[page 1]
ABOUT THE SEDER
From the Passover Liturgy
This and such did YOU allow me to see.
My ear heard, You let me understand.
I did not know what happened to my soul, Because YOU came and turned my fear into happiness.
Because YOU spoke a word in YOUR goodness:
Come back, return!
[key to the illustrations]
Left and right "Reading from the Haggadah"1 and "Baking the Matzo" from the Haggadah Amsterdam 1695 • Lower Left: In a modern Matzo factory • Right: Painting by Oppenheim • Below, and the Figures in the Title: Israelites in Egypt, according to Egyptian depiction • Middle: Star of David to store Matzo in the synagogue, 1770.
[page 2]
Passover is a unique festival and the Seder evenings, especially, make the strongest impression on all Jewish children. Something radiant and extraordinary remains in the memory, and then once again we must wait the whole year for the renewal of this illuminating impression. But what a feeling such an evening offers with the bright pictures, the great thoughts, exceptional tastes, from words and melodies, from instructions, considerations, and the great historical context! The room is lit as brightly as possible and the lights shine everywhere. The table is set festively, and under the silk embroidered cloth the Seder plate waits like a thrilling mystery. The father puts on a white robe that has the air of the last garment of all Jews, of the dress of the past and of the great Yom Kippur judgment, he puts the white silk cap on and ties the narrow white linen belt, because bound and prepared for the journey our ancestors in Egypt ate the Passover meal before they went out into the desert and into freedom. Awed and amazed, the children peer at the table.
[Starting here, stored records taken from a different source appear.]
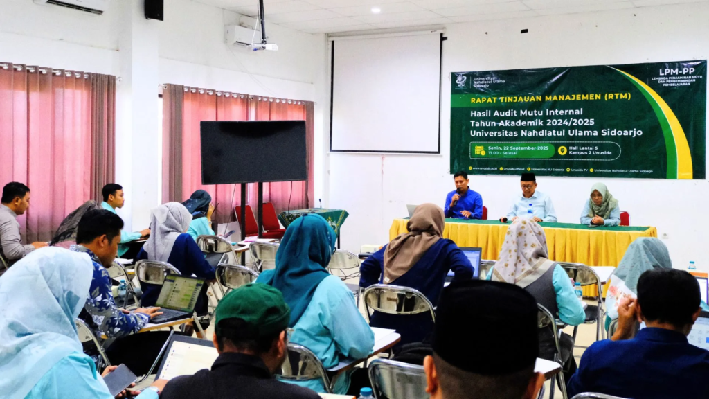 SIDOARJO – Universitas Nahdlatul Ulama Sidoarjo (UNUSIDA) menggelar Rapat Tinjauan Manajemen (RTM) dalam rangka menindaklanjuti Hasil Audit Mutu Internal (AMI) Tahun 2024/2025. Kegiatan ini berlangsung pada Senin (22/9/2025) di Hall Lantai 4, Kampus 2 UNUSIDA, dan dihadiri oleh jajaran pimpinan universitas, para Dekan, Ketua Program Studi (Kaprodi), serta Kepala Biro (Kabiro) di lingkungan UNUSIDA.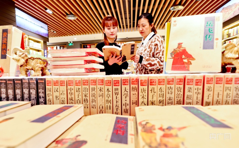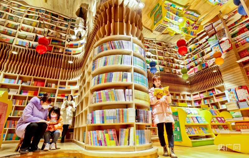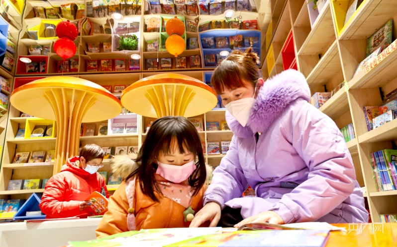 1月23日,市民帶著孩子在甘肅張掖錦華書城讀書、選書、購書。(央廣網(wǎng)發(fā) 王將 攝)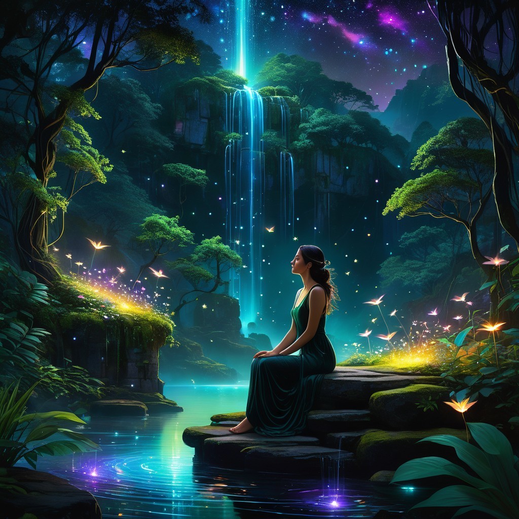 Prompt: "iridescent paint on black background, minimalist female model zen lines,Enchanted forest, mystical creatures, glowing fireflies, ethereal light beams, ancient ruins, magical portals, whimsical floating islands, starlit skies, shimmering constellations, lush greenery, cascading waterfalls, fantasy landscape, vibrant colors, soft and dreamy lighting, digital painting, intricate details, surreal atmosphere."

A Haggadah lies at every place setting, with a glass behind it. For four glasses of wine must be drunk on the Seder evening by everyone, man and woman, rich and poor, young and old. And we sit reclining to the left—the father, especially, carries out the Seder by sitting reclining to the left, like a free man, since that was once a marker of free men in the Near East, and on Passover, Israel would be free.
And the mysterious Seder plate: three matzos lie on top of it, special ones that are thicker than normal and each in its own case and by rank and name distinguished Cohens, priests, elders, Levis, Levites, middle-ranking men, and the ordinary, regular Israelites. And over above, on the tablecloth, there are also other natural symbols of the celebration: a vegetable, a bitter herb to show the bitterness of the Egyptian slavery; a sweet charoset, which will taste so good to the children after the festivities and which also signifies the clay that our ancestors once used to perform hard labor to build bricks, houses, and pyramids; the roasted shankbone as a symbol of the Passover lamb and the boiled egg to signify the always round, rolling changeability of human affairs, to serve as a warning against overconfidence, and to serve as a sign of Jewish fertility, and, finally, to serve as a sign of mourning for the destroyed temple in Jerusalem.
And the wine—because with the Kiddush sanctification the Seder evening begins, as only a Jewish festival does. And how truly festive we will soon feel when we all raise the Seder plate along with the father and call out together at the same time the exclamation heard all over the world: "This is the bread of affliction, which our fathers in Egypt ate!" And we then immediately offer the grandest and most heartfelt invitation: "Whoever is hungry, come and eat! Whoever is deprived, come and take part in the Passover! This year here—next year in the land of Israel!"
[page 3]
WE READ FROM THE HAGGADAH
[key to the illustrations]
Left: Title page from a Haggadah from the year 1521 • Right: illuminated panel from a Haggadah from the year 1521 and "Kiddush" from the Haggadah of Mantua (1560) • Above: Seder plate from 1776 with the inscription: "The more one tells of the exodus from Egypt, the more laudable." • Superimposed [on the seder plate]: the four typical figures from the Haggadah: "the Immature one, the Simpleton, the Wicked one and the Wise one." • Bottom center: The Wise man from Bne Berak, depiction in the Haggadah • Bottom left and right: Figures from the Haggadah from Mantua 1560.